Unfortunately I fail to see the purpose of the const_wrapper struct. Does it have something to do with the comment at the top, which states "A hashed string is a compile-time tool..."?

I am also unsure about what the comments that appears above the template functions mean, which state "Forcing template resolution avoids implicit conversions." Is anyone able to explain this?

Finally, it is interesting to note how this class is used by another class that maintains an std::unordered_map of the following type: std::unordered_map<hashed_string, Resource>

This other class offers a member function to add resources to the map using strings like keys. A simplified view of its implementation looks like this:

bool addResource(hashed_string id, Resource res)
{
    // ...
    resourceMap[id] = res;
    // ...
}

My question here is: what is the advantage of using hashed_strings as the keys to our map instead of std::strings? Is it more efficient to work with numeric types like hashed_strings?

Thank you for any information. Studying this class has helped me learn so much.

回答1:

The author is trying to help you avoid accidental performance problems that happen when you repeatedly hash strings. Since hashing strings is expensive, you probably want to do it once and cache it somewhere. If they have an implicit constructor, you could hash the same string repeatedly without knowing or intending to do so.

So the library provides implicit construction for string literals, which can be computed at compile-time via constexpr but explicit construction for const char* in general since those can't generally be done at compile-time and you want to avoid doing it repeatedly or accidentally.

Consider:

void consume( hashed_string );

int main()
{
    const char* const s = "abc";
    const auto hs1 = hashed_string{"my.png"}; // Ok - explicit, compile-time hashing
    const auto hs2 = hashed_string{s};        // Ok - explicit, runtime hashing

    consume( hs1 ); // Ok - cached value - no hashing required
    consume( hs2 ); // Ok - cached value - no hashing required

    consume( "my.png" ); // Ok - implicit, compile-time hashing
    consume( s );        // Error! Implicit, runtime hashing disallowed!
                         // Potential hidden inefficiency, so library disallows it.
}

If I remove the last line, you can see how the compiler applies the implicit conversions for you at C++ Insights:

consume(hashed_string(hs1));
consume(hashed_string(hs2));
consume(hashed_string("my.png"));

But it's refusing to do so for the line consume(s) because of the implict/explicit constructors.

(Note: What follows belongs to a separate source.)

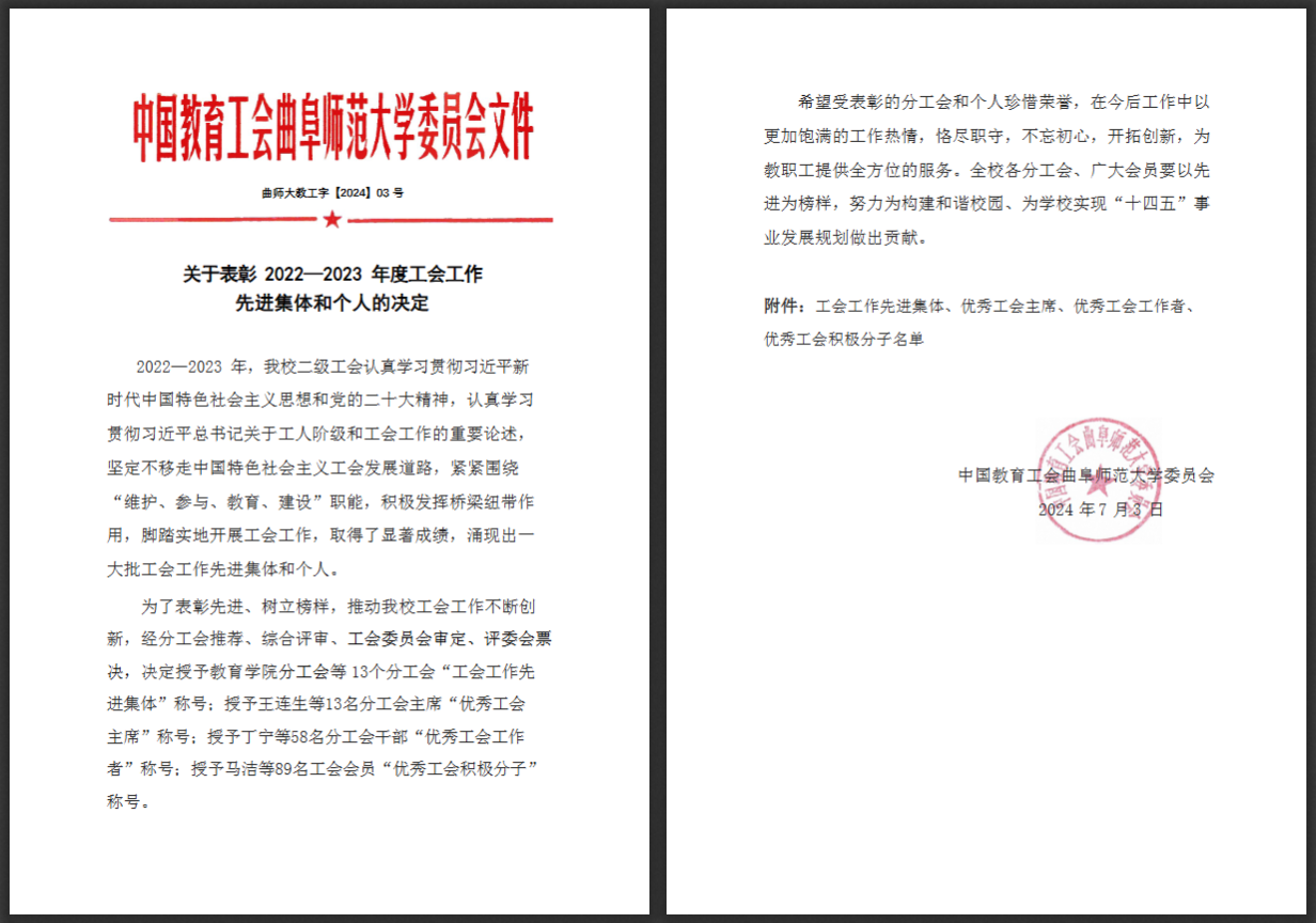 工会公布了2022~2023年度工会工作先进集体和先进个人表彰名单,金沙赌场网站

Note, however, this attempt at protecting the user isn't foolproof. If you declare your string as an array rather than as a pointer, you can accidentally re-hash:

const char s[100] = "abc";
consume( s );  // Compiles BUT it's doing implicit, runtime hashing. Doh.

// Decay 's' back to a pointer, and the library's guardrails return
const auto consume_decayed = []( const char* str ) { consume( str ); }
consume_decayed( s ); // Error! Implicit, runtime hashing disallowed!

This case is less common, and such arrays typically get decayed into pointers as they are passed to other functions, which would then behave as above. The library could conceivably enforce compile-time hashing for string literals with if constexpr and the like and forbid it for non-literal arrays like s above. (There's your pull request to give back to the library!) [See comments.]

To answer your final question: The reasons for doing this are to have faster performance for hash-based containers like std::unordered_map. It minimizes the number of hashes you have to do by computing the hash once and caching it inside the hashed_string. Now, a key lookup in the map just has to compare the pre-computed hash values of the keys and the lookup string.